What needs to be done
Exactly the lines from the one with "Bulk carrier Inviken" through the end of the data below must be set down, and no pictures with them.

Provided entries

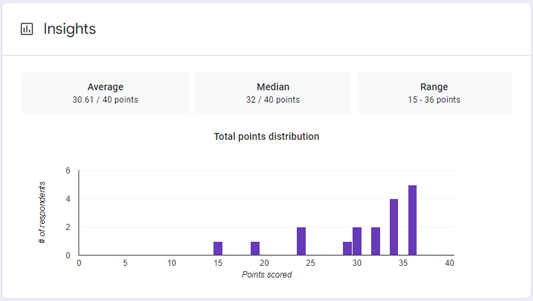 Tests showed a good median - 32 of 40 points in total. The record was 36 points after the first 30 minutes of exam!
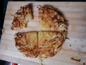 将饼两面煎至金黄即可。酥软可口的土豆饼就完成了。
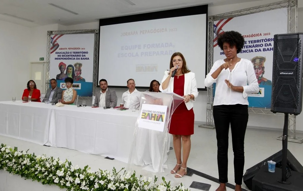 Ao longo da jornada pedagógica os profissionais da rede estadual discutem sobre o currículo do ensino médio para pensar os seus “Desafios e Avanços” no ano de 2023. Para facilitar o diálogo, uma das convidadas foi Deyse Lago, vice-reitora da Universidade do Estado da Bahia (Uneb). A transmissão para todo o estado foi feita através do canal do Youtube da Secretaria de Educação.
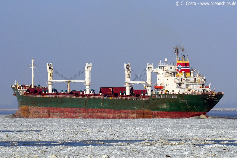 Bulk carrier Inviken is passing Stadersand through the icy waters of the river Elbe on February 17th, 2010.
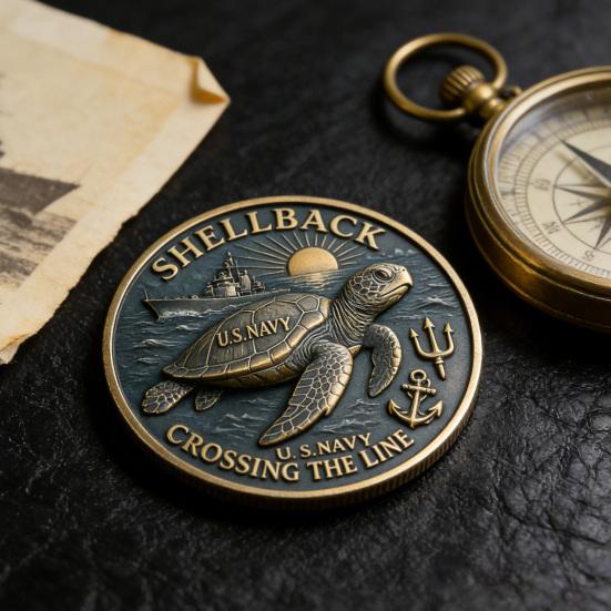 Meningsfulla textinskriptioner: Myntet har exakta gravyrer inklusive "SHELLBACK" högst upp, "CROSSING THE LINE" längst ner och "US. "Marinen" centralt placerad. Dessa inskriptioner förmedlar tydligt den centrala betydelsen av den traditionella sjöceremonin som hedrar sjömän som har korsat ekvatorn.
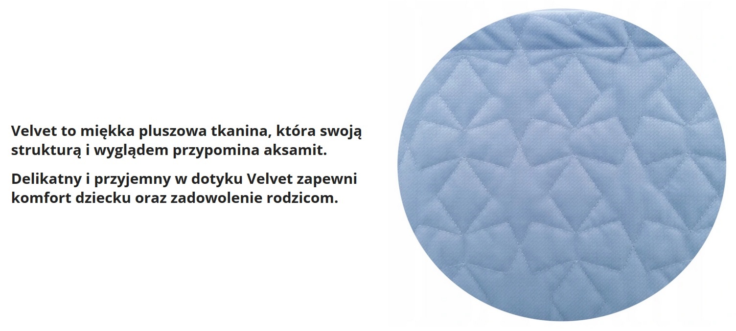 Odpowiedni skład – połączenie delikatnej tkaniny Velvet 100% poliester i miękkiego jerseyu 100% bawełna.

Response box
 Bulk carrier Inviken is passing Stadersand through the icy waters of the river Elbe on February 17th, 2010.
 Meningsfulla textinskriptioner: Myntet har exakta gravyrer inklusive "SHELLBACK" högst upp, "CROSSING THE LINE" längst ner och "US. "Marinen" centralt placerad. Dessa inskriptioner förmedlar tydligt den centrala betydelsen av den traditionella sjöceremonin som hedrar sjömän som har korsat ekvatorn.
 Odpowiedni skład – połączenie delikatnej tkaniny Velvet 100% poliester i miękkiego jerseyu 100% bawełna.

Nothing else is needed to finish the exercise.